Judging the event are: Laura Haffne, senior vice president and region bank president for the Greater Pennnsylvania Region for Wells Fargo; Matt Lutcavage, vice president of team experience and chief human resources officer for The Giant Company; Manny Mar, vice president for Bank of America; Mary Oliveira, chief membership officer for the Pennsylvania Chamber of Business and Industry, and Nandish Patel, founder and CEO of Phoenix Nexus in Bucks County. 

University of Maryland Medical System senior VP joins UPMC 


A former University of Maryland Medical System (UMMS) senior vice president will be taking over as president of UPMC’s PinnacleHealth Medical Group. 

Dr. Jason Marx, previously senior vice president of physician integration and value-based care and chief of the UMMS critical care COVID-19 operations, will succeed Dr. Robert Nielson following his retirement on Thursday. 

Marx served as the inaugural chair of the UMMS physician network management committee. He is also an adjunct assistant professor of medicine at the University of Maryland School of Medicine. 

“With more than 20 years of progressive clinical and operational leadership at the University of Maryland Medical System and St. Joseph Medical Center, Dr. Marx brings a wealth of expertise to this role,” said Phil Guarneschelli, president, UPMC in Central Pa. 

Nielson leaves UPMC on March 31. He joined the system in 2015 after it acquired his practice, Annville Family Medicine. 

Nielsen joined the PinnacleHealth Medical Group as head of population health and became the area’s director in June 2016. 

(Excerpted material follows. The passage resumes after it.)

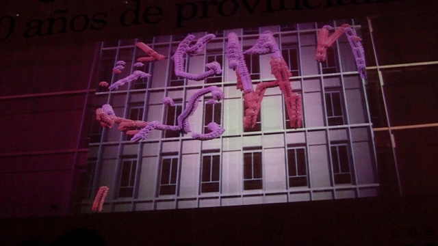 La intervención tuvo lugar en el contexto de una intervención más grande que consistió en un video mapping de la fachada, coordinado y dirigido por el artista Juan Sorrentino, quién a su vez nos convocó.

“We are excited for Dr. Nielsen as he moves on to this new chapter of his life, but he will be deeply missed as a colleague, friend, and major contributor to the health and well-being of our region,” said Guarneschelli. 

Dauphin County Library System begins $3.5 million expansion of historic riverfront library

A rendering of Dauphin County Library System’s incomming expansion to its McCormick Riverfront Library. PHOTO PROVIDED.

The Dauphin County Library System broke ground on a $3.5 million project on Thursday that will combine two historic Harrisburg properties. 

The library system’s project will expand its McCormick Riverfront Library by connecting it with the 5,458-square-foot Front Street residence of Sara Haldeman Haly, who seeded the Dauphin County Library System in 1896. 

When finished, the combined building will boast more than a 3,400-square-foot family area incorporating STEAM learning support, a 950-squaure-foot public meeting space, added public computer resources and more, said the library system in a press release. 

“We’re excited to get started and look forward to standing here about a year from now and welcoming everyone to a dynamic educational and cultural center,” said Karen Cullings, the Dauphin County Library System’s executive director. “The demand for our services has never been higher, and this location in the heart of downtown Harrisburg is easily accessible.”   

The project is expected to be finished in 2022 and the library will remain open during that time. 

The library system is paying for the project with funds from its “Your Place to Belong” campaign. The campaign has raised $2.6 million, or 76% of its goal. 

“For more than a century, this community has generously donated its time and treasure to The Library,” said Your Place to Belong campaign co-chair Andrew Enders. “Now, The Library is returning the favor by investing in the community. We are well on the way to creating an ideal space that models the direction of libraries for the 21st century and beyond.”